# Questions about install and ditchlights



## I Am Fasha (Apr 2, 2013)

onversations Photos Polls Links About
Back
Decoder install problem
(192853)
fngfashaToday at 8:43 AM
View Source
First let me say thank you for the help that I know I'm going to get here! Please be patient with me as a lot of this is new to me and Im learning by feeling my way through it.

Here is the situation. I'm working on a Athearn Genesis SD-70M that came with some type of factory decoder. The owner sold it to a friend who has asked me to fix it. It came to me with the cab off and front headlight wires cut to close to reconnect. Same with the rear lights. It not has a Digitrax DH 165 AO decoder snapped loosely above the motor with no wires attached. 

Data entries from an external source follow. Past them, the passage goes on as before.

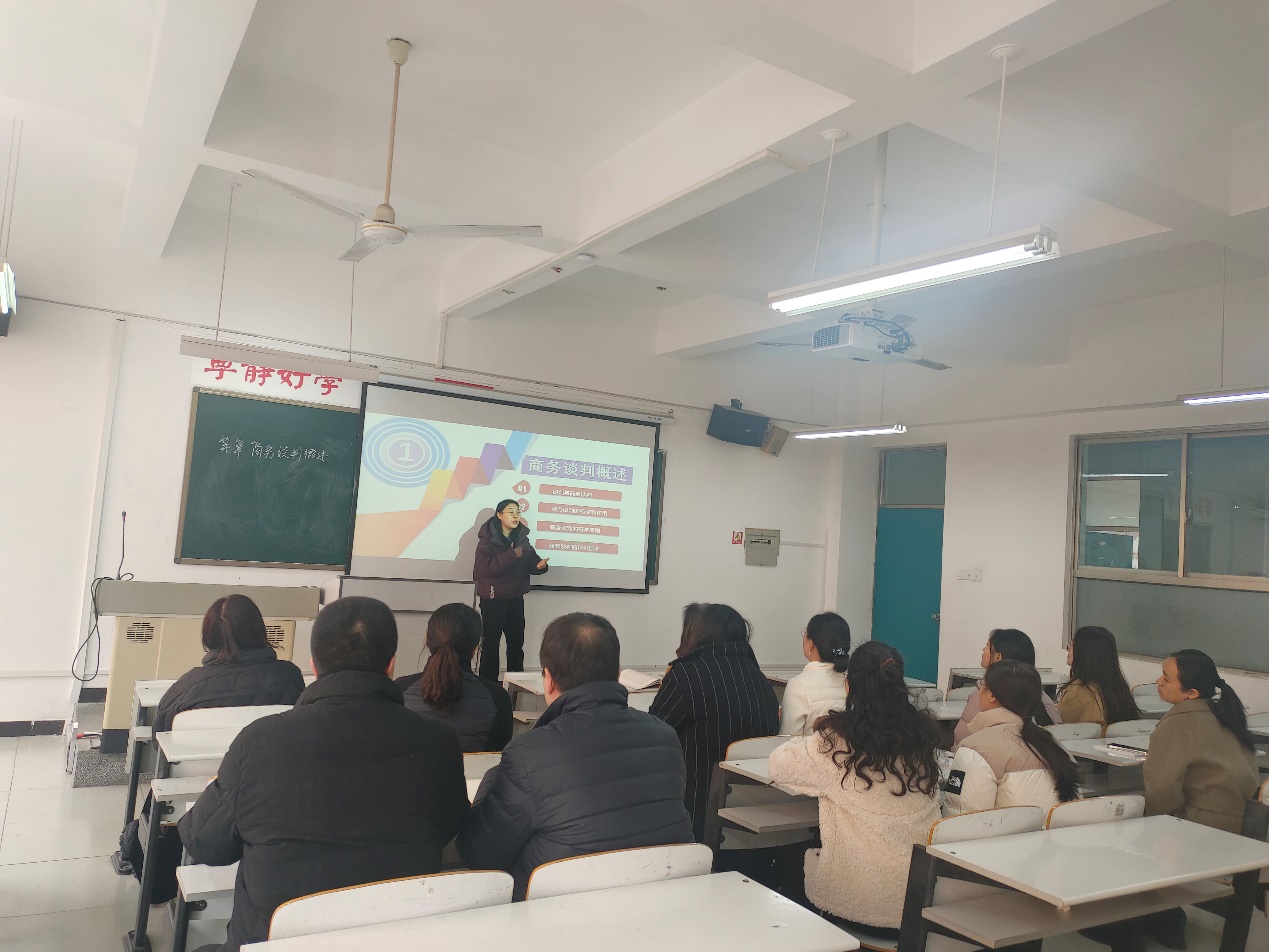 活动中,两位新入职教师分别进行了15分钟的课堂模拟,首先由刘慧红老师对《商务谈判》课程进行教学现场展示,刘慧红老师通过问题导入的形式,引导学生思考日常接触到的谈判活动,并通过案例引入的方式使学生更好的认识谈判的定义和内涵。其次,由栗源泽老师对《营销策划》课程进行现场展示,栗源泽老师以企业真实案例为切入点让学生认识到营销策划对当下市场发展的重要性。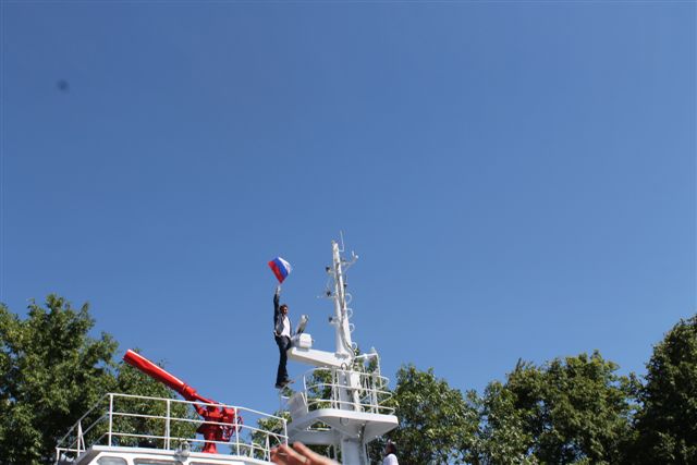Всего было пять таких заданий, которые заканчивались водружением флага на мачту корабля. Лучше всех со всеми заданиями справилась команда «Пламя», а первыми водрузили знамя команда «Красноармеец», но по условиям мероприятия победила дружба.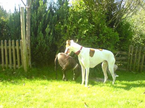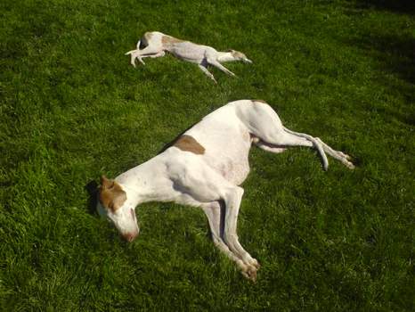 Gestern ist Harvey zu unserer Elisabeth gezogen. Dort lebt der hübsche Kerl mit Rani, einer iWi-Salukia, und zwei Katzen zusammen. Vor dem Zusammentreffen mit den Katzen war uns allen etwas mulmig, wobei wir Harvey so einschätzten, dass Samtpfoten für ihn kein Futter sind - und so ist es auch, die Katzen lässt er links liegen.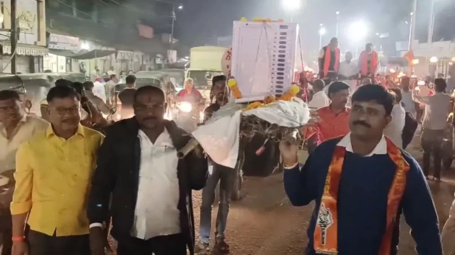 Electronic Voting Machine: After the crushing defeat in the Maharashtra assembly elections, Shiv Sena (Uddhav Balasaheb Thackeray) and Maha Vikas Aghadi staged a big protest against EVMs (Electronic Voting Machines). In Dhule district, Shiv Sena (UBT) workers took out a symbolic funeral procession of EVMs and organized a torch procession. During this, slogans like EVM Hatao, Desh Bachao and Democracy Bachao were raised.

I located and downloaded the manual for this decoder from here: http://www.digitrax.com/static/apps/products/mobile-decoders/dh165a0/documents/DH165A0.pdf

Since then I have been able to get the left and right track power hooked up from both ends of the loco. I have got the motor hooked up and the loco runs. I have tested the FOF + and FOF as well as the FOR and FOR+ tabs for the front and rear lamps and they work. Now I would like to make sure of the placement of wires for the ditchlights and Im close to being lost.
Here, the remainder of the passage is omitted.